The castle, whose name is probably derived from Löwenfels ("Lion Rock"), is one of the later castles to be built in Franconian Switzerland and may have been erected in the 14th century at the behest of Seibot I of Egloffstein, who is recorded between 1285 and 1332.

The castle itself is first mentioned in 1372. Lord Götz of Egloffstein had to give his part of the hitherto probably allodial castle to the Bishop of Bamberg after a feud.

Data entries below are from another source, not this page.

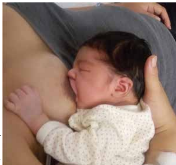
Imagen: Morales López et al.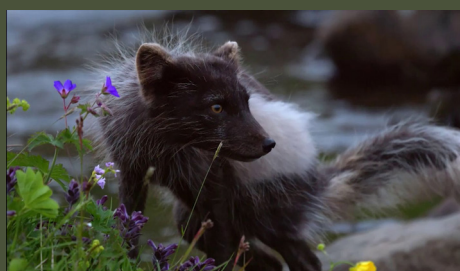
Islande : sur les traces du renard polaire 26'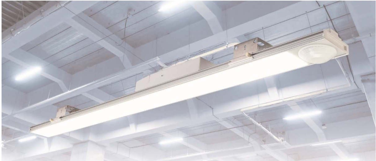
LED 照明「Lumiqs BL-640」

物流不動産の所有・運営・開発のリーディング・グローバル企業であるプロロジス（日本本社：東京都千代田区丸の内）は、このたび、物流施設・工場など高天井用の LED 照明について、赤外線センサーメーカーのアイキュージャパン株式会社（本社：滋賀県栗東市、以下アイキュージャパン）と共同開発を行ったことを発表しました。共同開発した製品は、プロロジスが運営する物流施設内で実証実験を実施済みで、アイキュージャパンが 5 月に発売を開始します。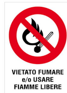
VIETATO FUMARE e/o USARE FIAMME LIBERE

L'incendio è la combustione (reazione chimica di un combustibile con un comburente in presenza di innesco) sufficientemente rapida e non controllata che può svilupparsi senza limitazioni nello spazio e nel tempo. Il rischio di incendio è sempre presente in qualsiasi attività lavorativa.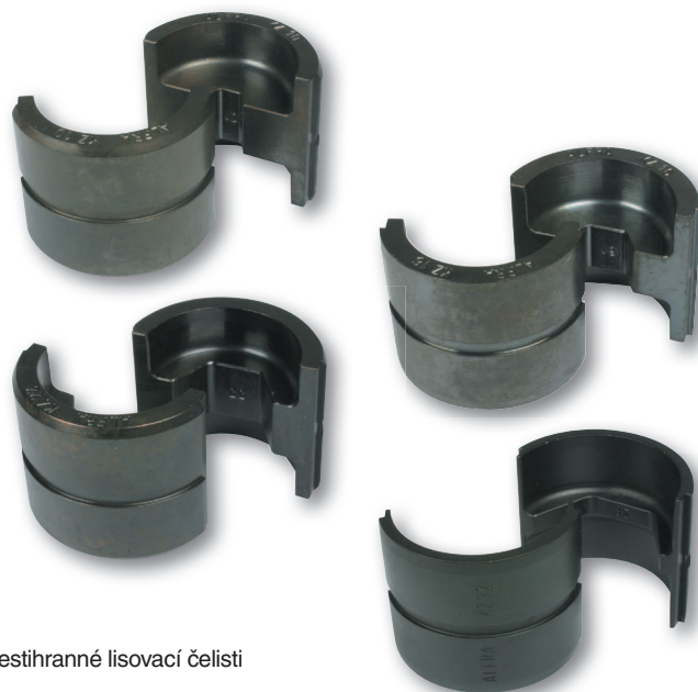
Šestihhranné lisovací čelisti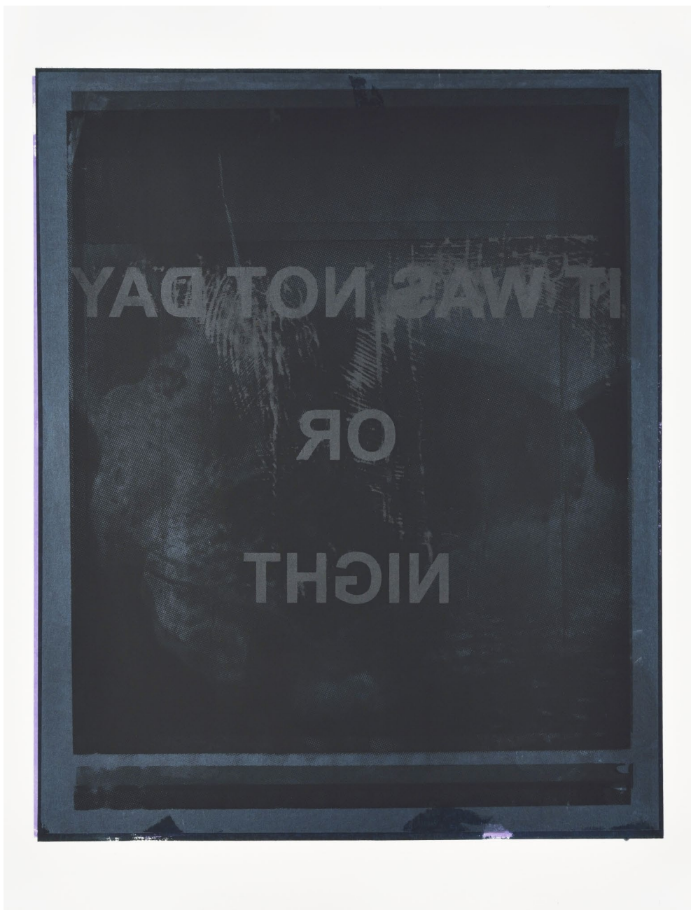
Aurore PALLET Sans titre , 2019 Huile sur papier, 65 x 50 cm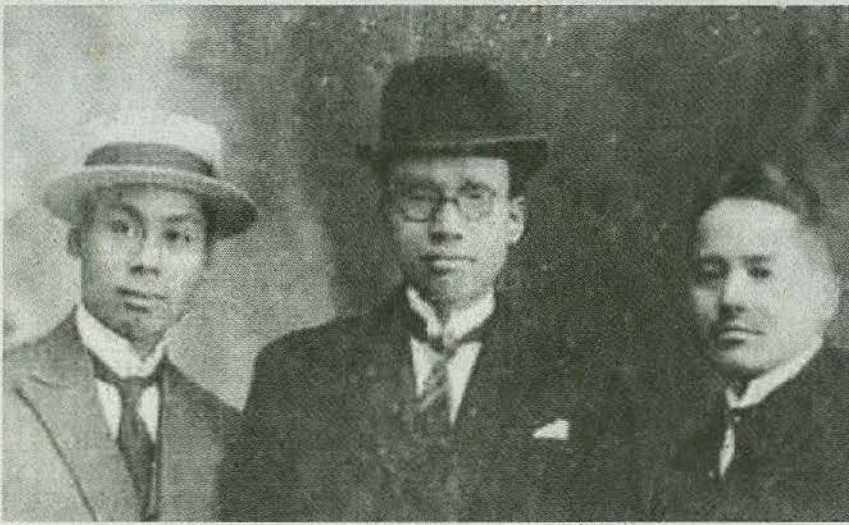
Phạm Duy Tồn, Phạm Quỳnh, Nguyễn Văn Vĩnh tại Pháp năm 1922

và bọn ba ở hải ngoại cũng như còn ở trong lao tù.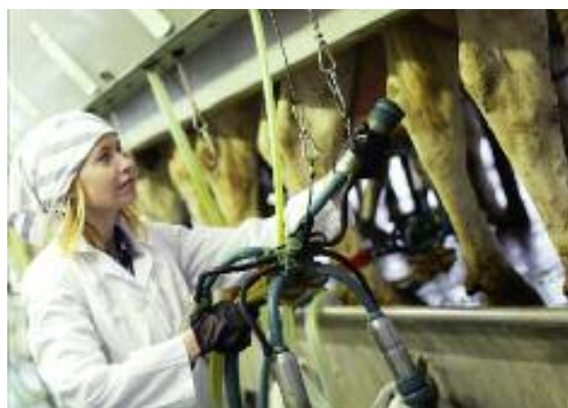
17 sierpnia 2020 r. upływa termin na złożenie wniosku o wsparcie na „ Tworzenie grup producentów i organizacji producentów ”. Pomoc przyznawana jest w okresie pierwszych 5 lat działania grupy liczonej od dnia jej uznania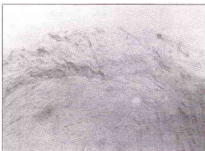
Fig. 4 Coloração pelo P.A.S., demonstrando as hifas de Candida albicans nas camadas mais superficiais do tecido epitelial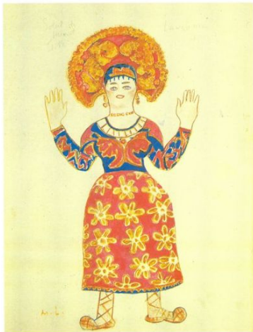
Эскиз костюма женщины (Полуночное солнце, 1915)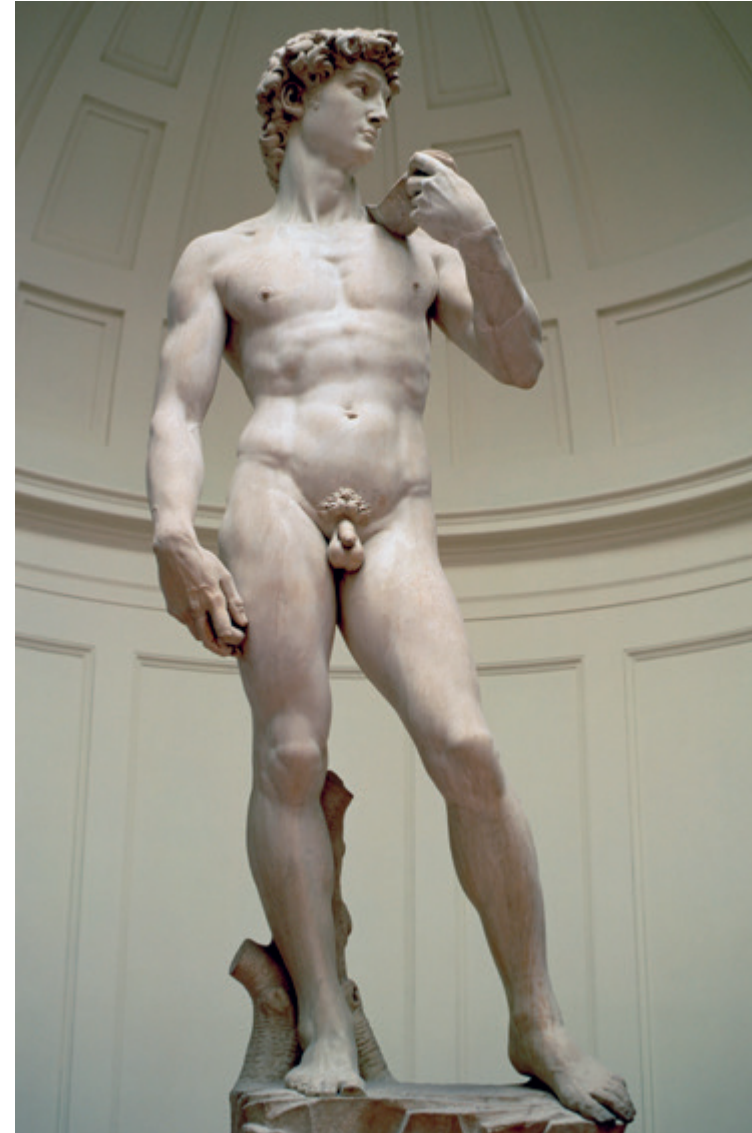
© Michel-Ange, David, 1501-04 Galleria dell'Accademia, Florence

Net zoals elke andere artistieke beweging maakt het hyperrealisme, en in dit geval de hyperrealistische beeldhouwkunst, deel uit van de lange traditie van de westerse kunst, waarvan elke fase een moment in de beschaving illustreert. Nu al kondigen zich de nieuwe vormen aan die kunnen ontstaan doordat de digitale revolutie ook ingang vindt in de kunst. Hoe zal de beeldhouwkunst er morgen uitzien, en hoe ziet ze er nu al uit?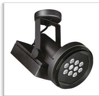
Magneos LED Projector Compact BCS501 for baseplate mounting, with 10, 20 or 30° beam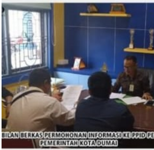
BILAN BERKAS PERMOHONAN INFORMASI KE PPID PE Pemerintah Kota Dumai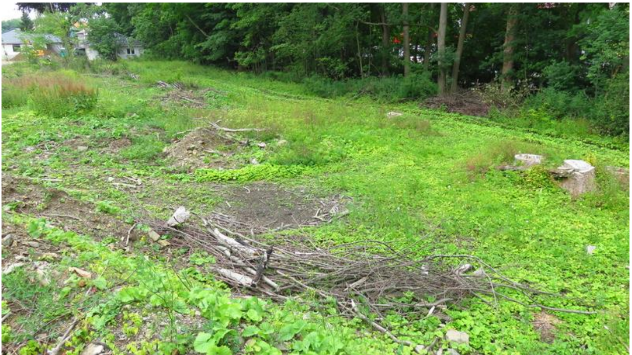
Abbildung 3: Teil des Plangebietes mit Reisighaufen (pot. Amphibienversteck) – Stand 30.06.2017.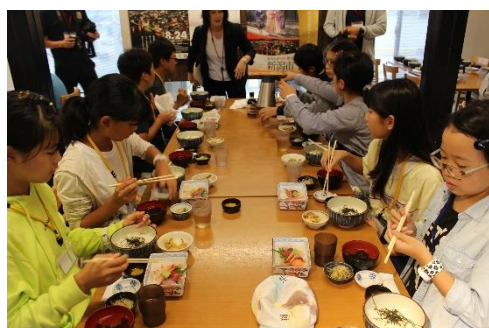
昼食は新潟市内の食堂で海鮮丼！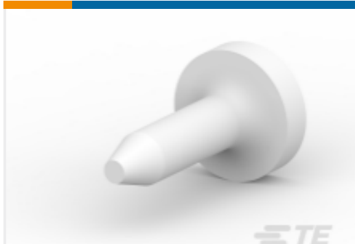
TE 系列/零件编号 206509-1 SIZE 20 KEYING PLUG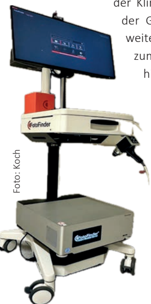
Abb. 4: FotoFinder mit Einsatz künstlicher Intelligenz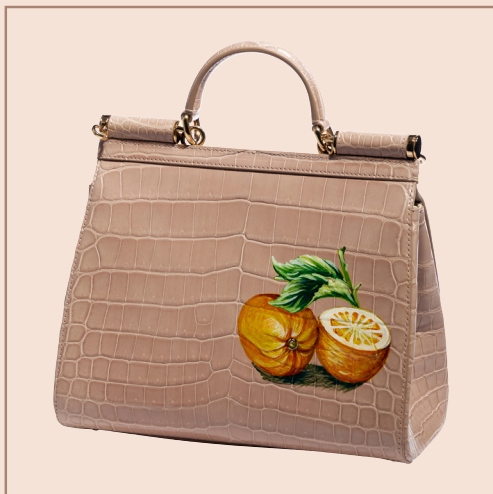
20 | DOLCE & GABBANA Edition limitée Sac "Sicily" 25 cm e n crocodile rose pâle, garniture en métal doré, rabat aimanté rehaussé d'une nature morte, poignée, anse bandoulière amovible Parfait état 2000 / 3000 €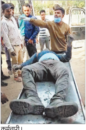
थोक में पहुंचे घायल श्रमिकों को शिफ्ट करते अस्पतालीन कर्मचारी।

In 1380 the castle was captured by troops of the Bishop of Bamberg and Burgrave Frederick V of Nuremberg. Götz of Egloffstein was taken prisoner and incarcerated in Nuremberg. His successor was also frequently involved in feuds. The castle was destroyed in 1397 on the orders of Emperor Wenceslaus.

1In 502 Jobst I of Egloffstein sold the castle to the Bishop of Bamberg and it became the seat of a small episcopal Amt.

In the Peasants' War the castle was badly damaged in 1525, but its garrison under Otto of Mengersdorf was able to prevent it being taken. The restoration of the castle was carried out immediately. In 1553, during the Second Margrave War, it was again seriously damaged. Its reconstruction was carried out more slowly this time.
In 1594, Leienfels was incorporated into the episcopal Amt of Pottenstein. By 1610, the site was already being described as uninhabitable. In 1643, during the Thirty Years' War the repair of the castle was no longer considered to be worthwhile. In 1646, the bricks were of the surviving buildings were carried off and the site left to decay.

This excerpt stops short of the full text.